● Exercise directions
Extract word for word the lines of the listing from its start to the line holding "I will say that", both ends kept; pictures are not part of the copy.

● Data supplied
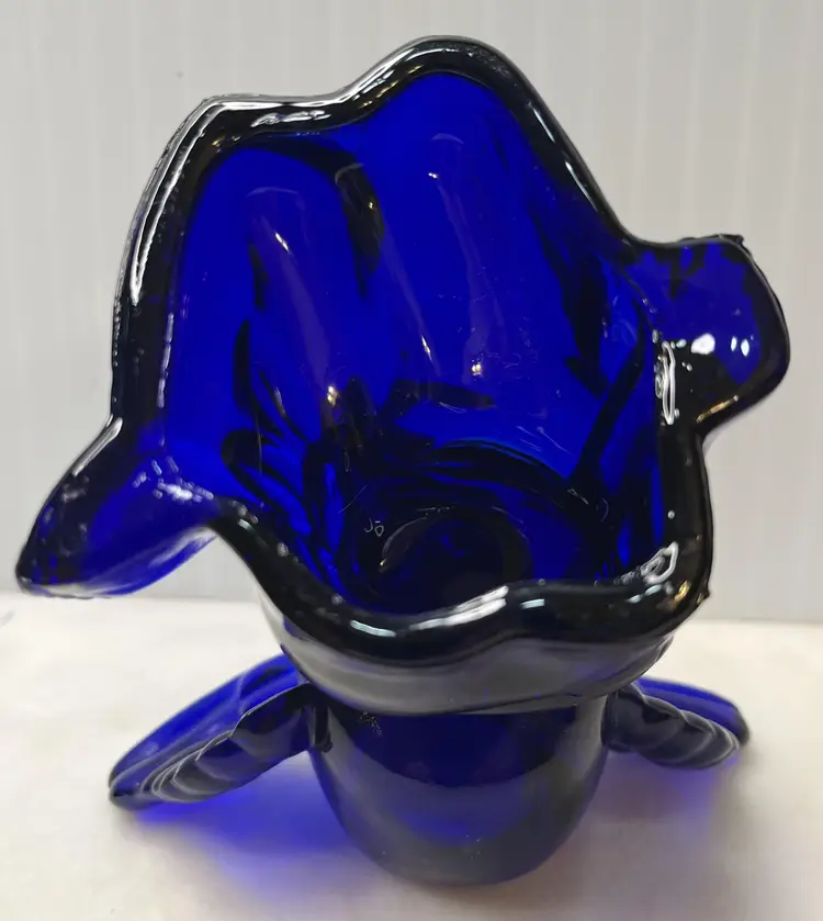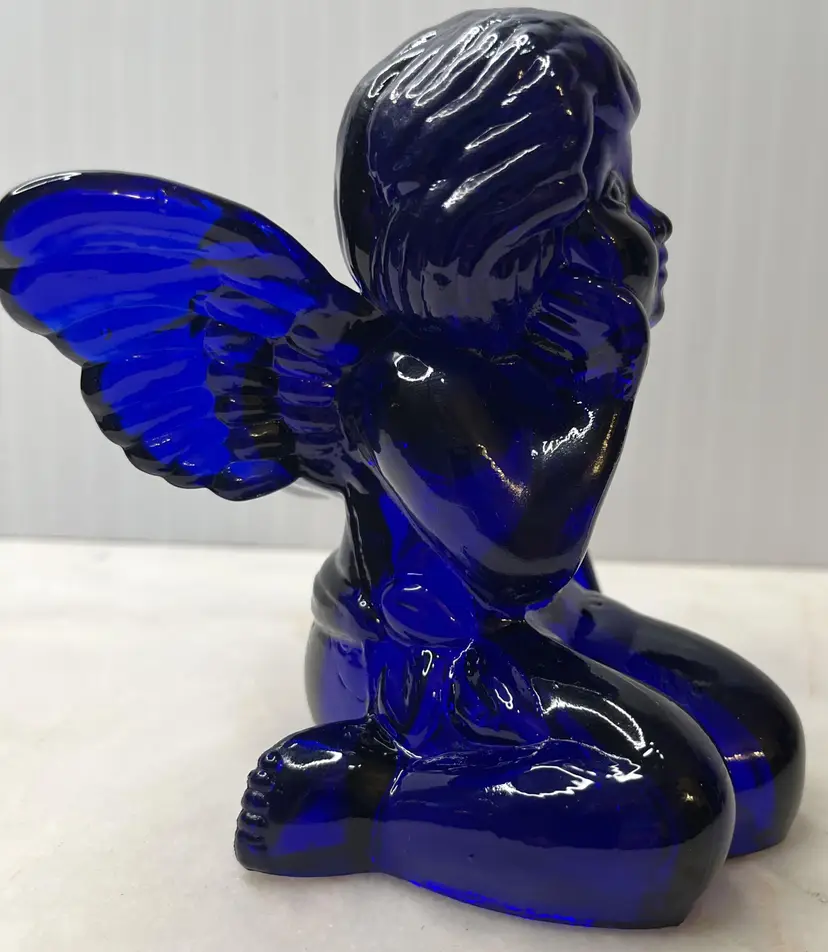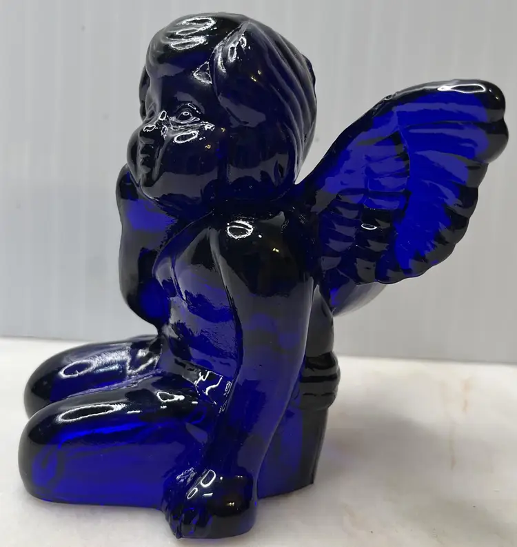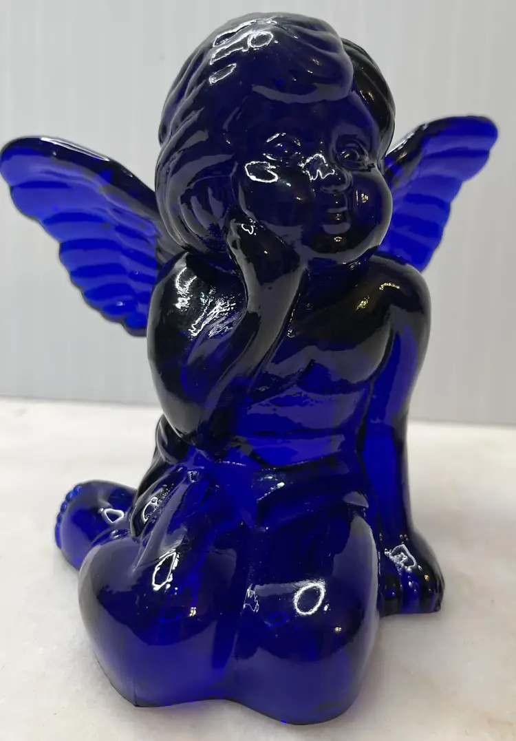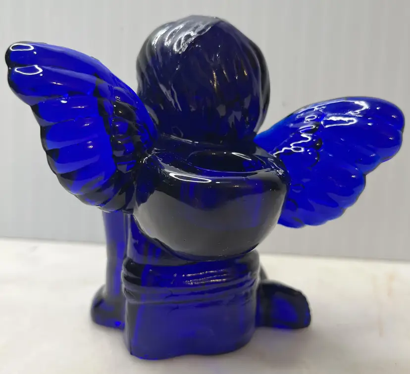Vintage Cobalt Blue Glass Sitting Angel Cherub Taper Candle Holder
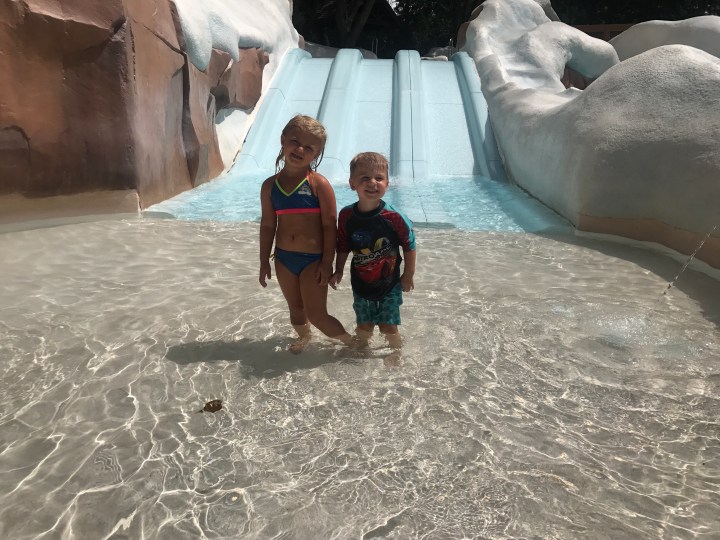 I will say that the lines for the water slides here do fill up very fast and there are no fast passes for the water parks. So get there right when it opens and do the slides first, then introduce your kids to the pool and the kiddie areas. You’ll be able to do more that way.
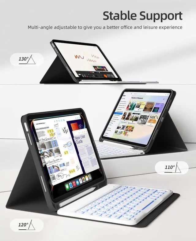 achieves: 230+ hour standby time, 2-hour full charge via USB-C PD 3.0 protocol, 1, 200+ charge cycles (FCC Part 15 compliant). ^^ Premium Vegan Leather ProtectionCrafted with luxe-grade PU leather, the iPad 11th gen/10th gen Keyboard Case delivers a sophisticated texture that's both cloud-soft to touch and business-ready in appearance. With scratch-resistant coating that repels daily wear. Every functional detail stays accessible through laser-precise cutouts, including charging ports, stereo speakers, and TrueDepth camera. The honeycomb ventilated backplate actively regulates thermal output, ensuring optimal performance for processor-intensive tasks. ^^ Pro-Level Viewing FreedomThis iPad 11th gen/10th Gen convertible keyboard case offers three precisely adjustable tilt positions to ensure optimal screen alignment in any setting. The polymer grooves securely lock your tablet at angles of 110, 120, or 130. This versatile 2-in-1 solution is ideal for dorm room study sessions, business travel, and creative work-from-home scenarios, eliminating the need to switch between tablets and laptops. ^^ After-sales ServiceGKABXY as a reliable brand, Our Support Team operates 24/7 friendly customer service. If you have any questions, please feel free to contact us via message, we will help you at any time.
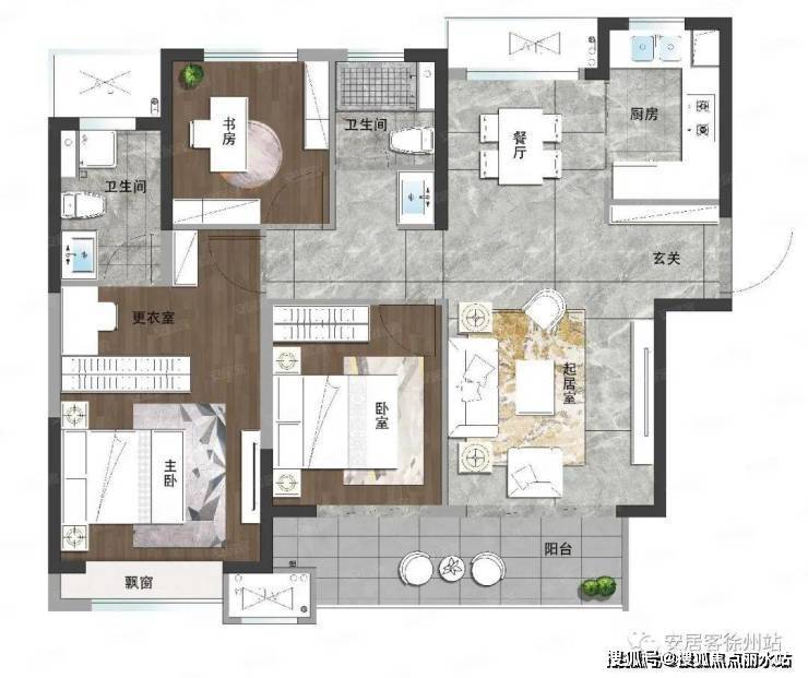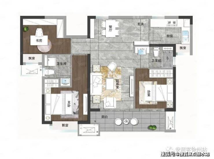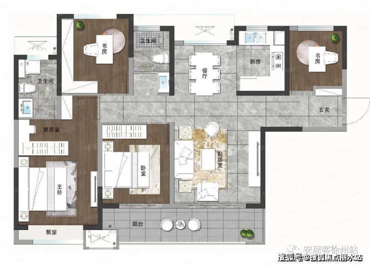 (1) 户型方正,生活动线明晰,动静分离;(2) 客厅套房,独立卫浴,衣帽间,与大飘窗;
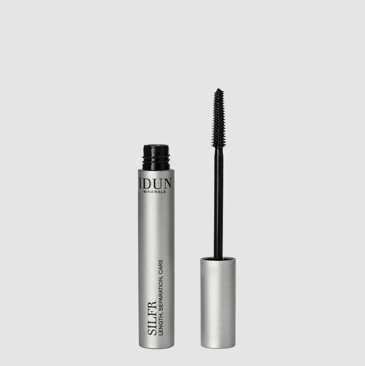 Förlängande mascara med en intensiv svart eller brun färg. IDUN Minerals Silfr har en krämig formula som är berikad med högrenade mineraler som ger långa, separerade fransar som inte klumpar eller fäller under dagen. Den flexibla och avsmalnande gummiborsten kommer åt även de kortaste fransarna och fördelar den krämiga formulan på varje frans samtidigt som den separerar och formar dem.

● Answer section
Vintage Cobalt Blue Glass Sitting Angel Cherub Taper Candle Holder
 I will say that the lines for the water slides here do fill up very fast and there are no fast passes for the water parks. So get there right when it opens and do the slides first, then introduce your kids to the pool and the kiddie areas. You’ll be able to do more that way.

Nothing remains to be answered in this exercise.